■ INSTRUCTIONS FOR THE TASK
Without the pictures, print the lines from the one holding "Barcelona, Spain. April" through the last line below, both included, exactly as they stand.

■ GIVEN DATA
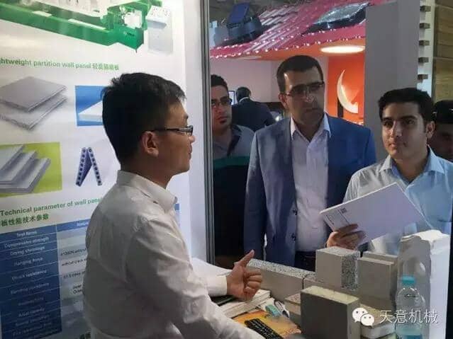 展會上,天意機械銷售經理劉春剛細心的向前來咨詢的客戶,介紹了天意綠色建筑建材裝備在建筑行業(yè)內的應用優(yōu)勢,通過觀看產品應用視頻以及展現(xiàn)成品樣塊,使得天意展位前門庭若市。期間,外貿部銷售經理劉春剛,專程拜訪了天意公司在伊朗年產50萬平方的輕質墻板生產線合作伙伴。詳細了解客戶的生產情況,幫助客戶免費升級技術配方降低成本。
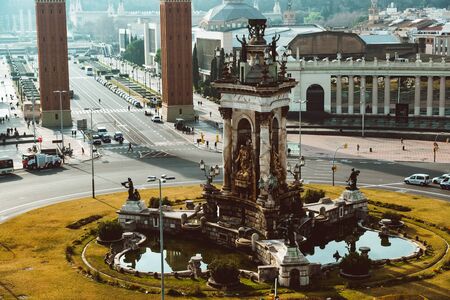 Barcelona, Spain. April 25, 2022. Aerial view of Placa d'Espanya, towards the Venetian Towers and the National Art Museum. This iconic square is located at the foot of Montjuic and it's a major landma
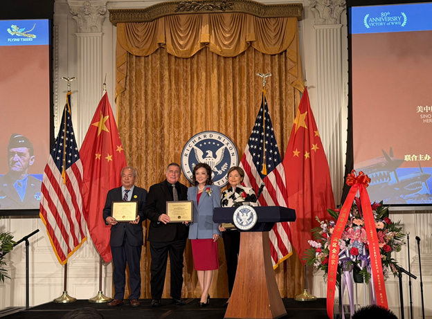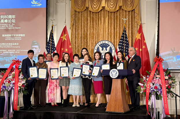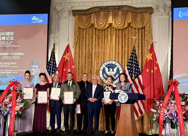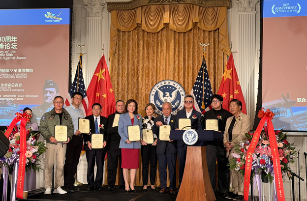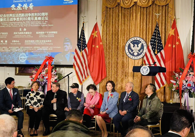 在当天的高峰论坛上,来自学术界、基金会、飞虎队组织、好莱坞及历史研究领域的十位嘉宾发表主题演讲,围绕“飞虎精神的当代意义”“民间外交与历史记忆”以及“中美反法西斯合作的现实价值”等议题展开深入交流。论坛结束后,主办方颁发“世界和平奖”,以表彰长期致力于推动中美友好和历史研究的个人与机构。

■ ANSWER BOX
 Barcelona, Spain. April 25, 2022. Aerial view of Placa d'Espanya, towards the Venetian Towers and the National Art Museum. This iconic square is located at the foot of Montjuic and it's a major landma
 在当天的高峰论坛上,来自学术界、基金会、飞虎队组织、好莱坞及历史研究领域的十位嘉宾发表主题演讲,围绕“飞虎精神的当代意义”“民间外交与历史记忆”以及“中美反法西斯合作的现实价值”等议题展开深入交流。论坛结束后,主办方颁发“世界和平奖”,以表彰长期致力于推动中美友好和历史研究的个人与机构。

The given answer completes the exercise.